Leaving the images aside, transcribe all the data below exactly.

━━━ EXCERPTED DATA ━━━

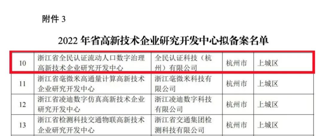 憑借卓越的自主研發(fā)創(chuàng)新能力,成效顯著的科技成果轉(zhuǎn)化實(shí)力和完善的研發(fā)管理體系,經(jīng)浙江省科學(xué)技術(shù)廳評(píng)審、公示,全民認(rèn)證科技(杭州)有限公司的“浙江省全民認(rèn)證流動(dòng)人口數(shù)字治理高新技術(shù)企業(yè)研究開(kāi)發(fā)中心”被認(rèn)定為2022年省高新技術(shù)企業(yè)研究開(kāi)發(fā)中心。
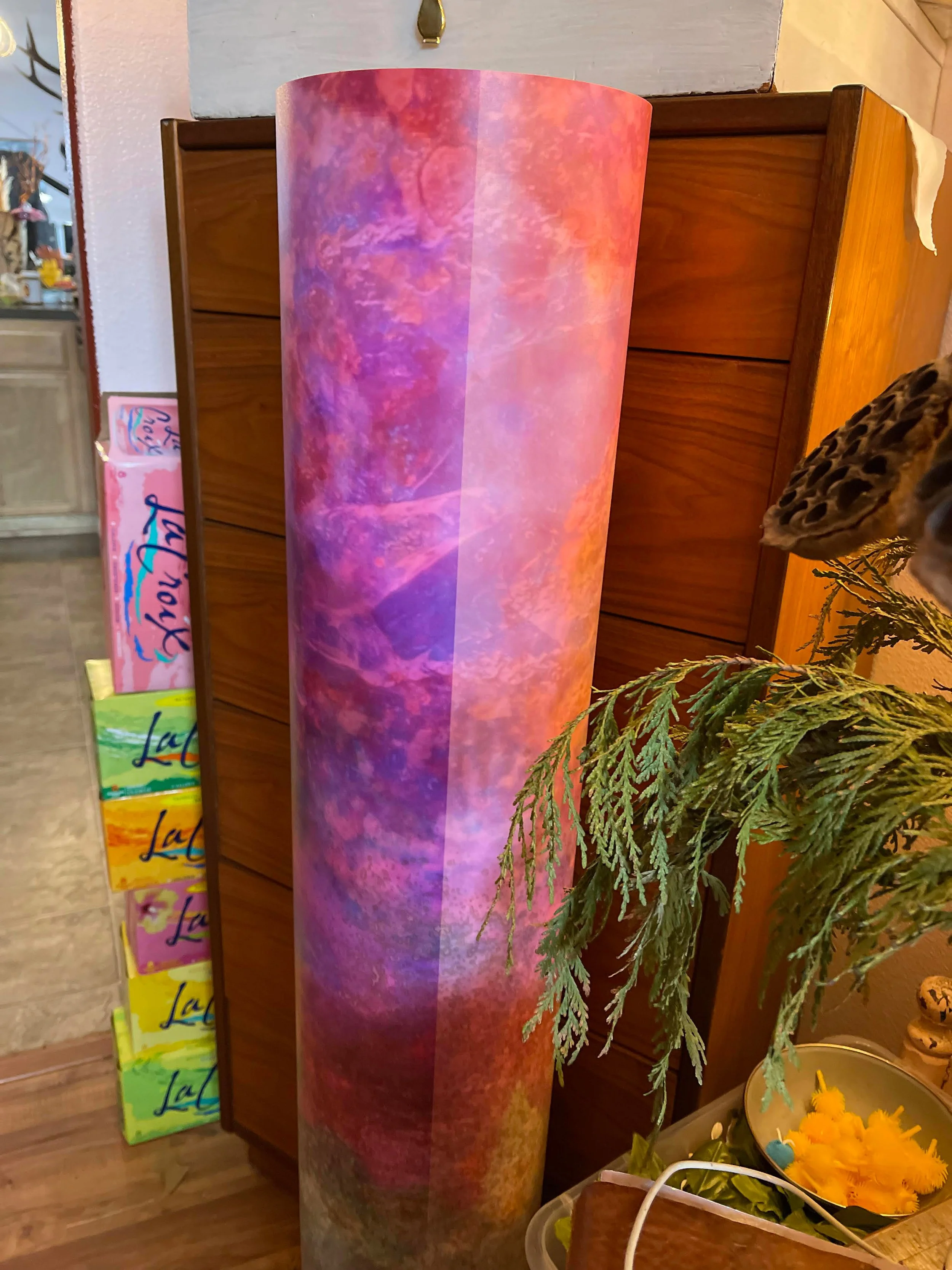A wooden storage cabinet with multiple labeled drawers, topped with potted plants, in front of a colorful wall art mural featuring a woman’s face and pink, orange, and yellow text. There are decorative items, a lamp, and shelves in the background. View fullsize
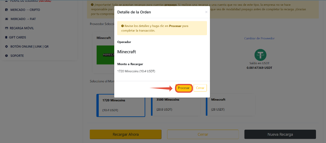 7.- Aparecerá una nueva pantalla "Detalle de la Orden", donde se verá los datos del operador y el monto a recargar, una vez verificada la información dar clic en la opción “Procesar”.
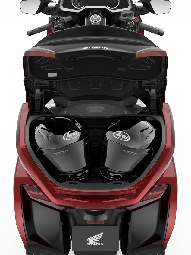 Honda sprung news today about upgrades for its 2021 Gold Wing, the biggest of them being a capacity increase for the Tour version’s trunk. Shrinkage in luggage capacity was the chief complaint with the heavily downsized 2018 ’Wing: the new trunk holds 61 liters of storage, compared to the previous 50 liters, which Honda says will easily accept two XXL full-face helmets (even when equipped with headsets).
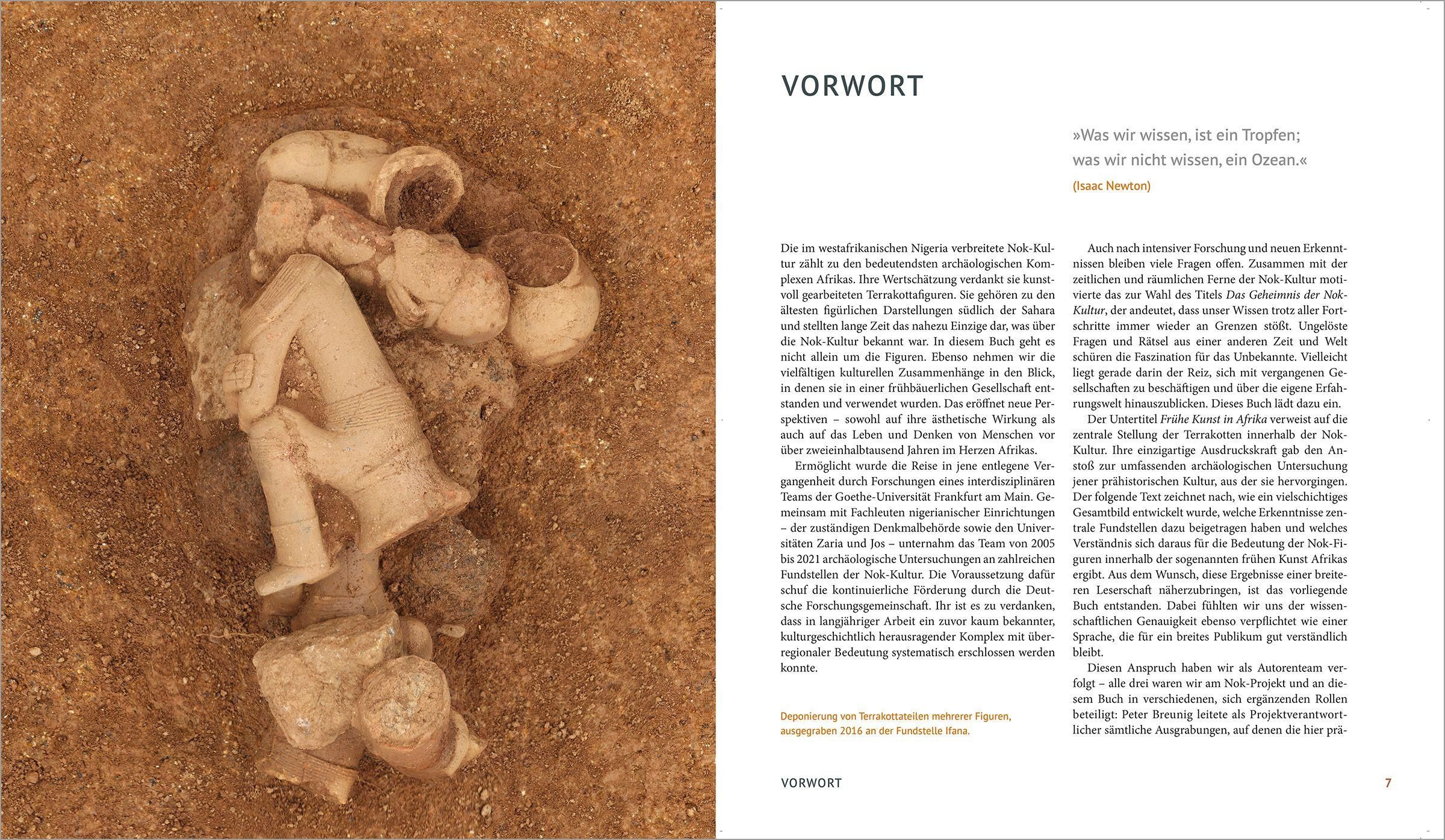 Erst durch die jahrelangen Forschungen von Archäologen und Archäobotanikern der Frankfurter Goethe-Universität entstand ein facettenreiches Bild der Nok-Kultur. Im Mittelpunkt steht die Entschlüsselung der gesellschaftlichen Funktion einer in der Vorgeschichte der Menschheit beispiellosen Konzentration kunstvoller Tonfiguren.
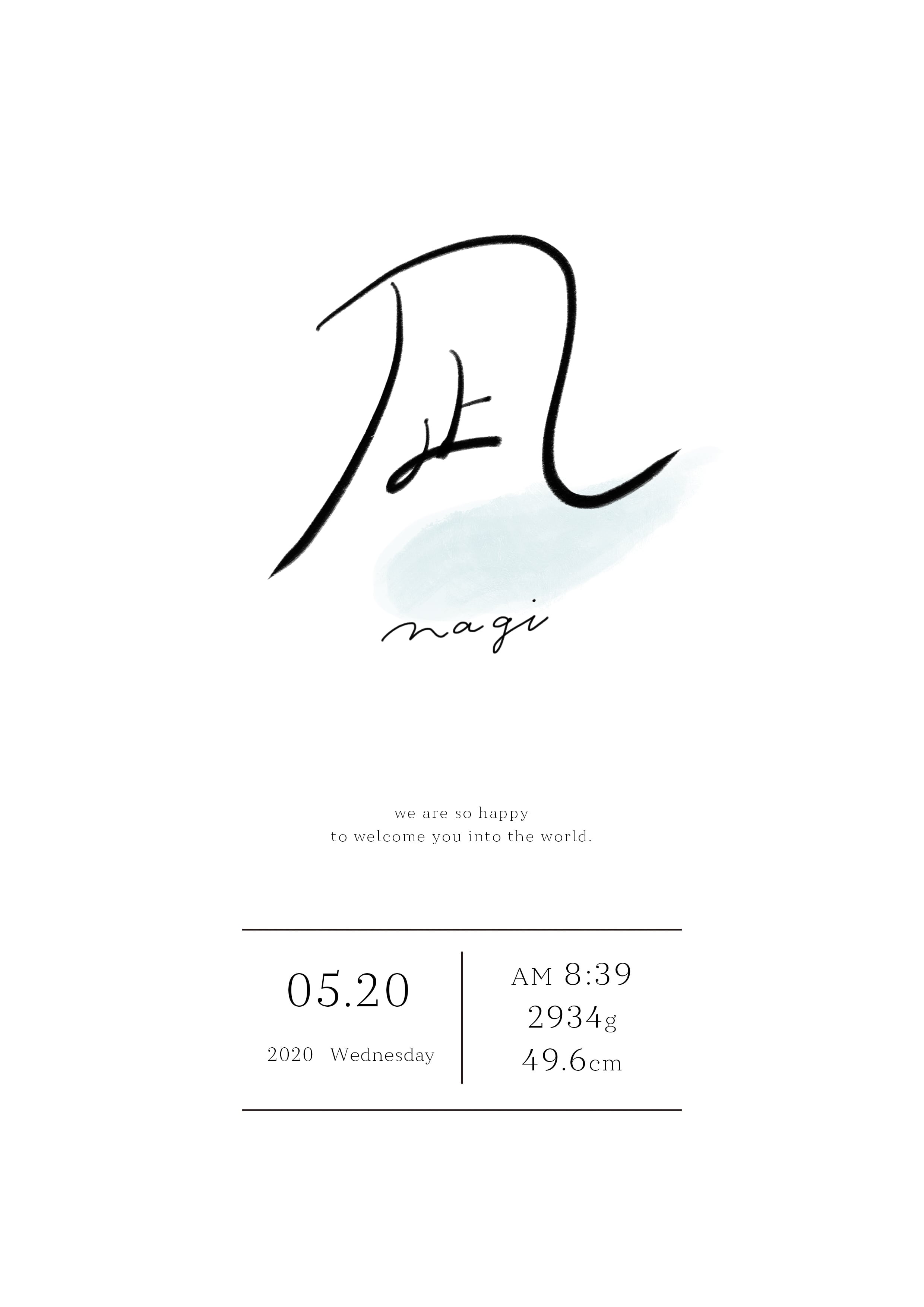 お名前の下に水彩タッチのお好きなポイントカラーがほんのり入った、オシャレなデザイン。

━━━

* [EXERCISE RESULT]:
 憑借卓越的自主研發(fā)創(chuàng)新能力,成效顯著的科技成果轉(zhuǎn)化實(shí)力和完善的研發(fā)管理體系,經(jīng)浙江省科學(xué)技術(shù)廳評(píng)審、公示,全民認(rèn)證科技(杭州)有限公司的“浙江省全民認(rèn)證流動(dòng)人口數(shù)字治理高新技術(shù)企業(yè)研究開(kāi)發(fā)中心”被認(rèn)定為2022年省高新技術(shù)企業(yè)研究開(kāi)發(fā)中心。
A wooden storage cabinet with multiple labeled drawers, topped with potted plants, in front of a colorful wall art mural featuring a woman’s face and pink, orange, and yellow text. There are decorative items, a lamp, and shelves in the background. View fullsize
 7.- Aparecerá una nueva pantalla "Detalle de la Orden", donde se verá los datos del operador y el monto a recargar, una vez verificada la información dar clic en la opción “Procesar”.
 Honda sprung news today about upgrades for its 2021 Gold Wing, the biggest of them being a capacity increase for the Tour version’s trunk. Shrinkage in luggage capacity was the chief complaint with the heavily downsized 2018 ’Wing: the new trunk holds 61 liters of storage, compared to the previous 50 liters, which Honda says will easily accept two XXL full-face helmets (even when equipped with headsets).
 Erst durch die jahrelangen Forschungen von Archäologen und Archäobotanikern der Frankfurter Goethe-Universität entstand ein facettenreiches Bild der Nok-Kultur. Im Mittelpunkt steht die Entschlüsselung der gesellschaftlichen Funktion einer in der Vorgeschichte der Menschheit beispiellosen Konzentration kunstvoller Tonfiguren.
 お名前の下に水彩タッチのお好きなポイントカラーがほんのり入った、オシャレなデザイン。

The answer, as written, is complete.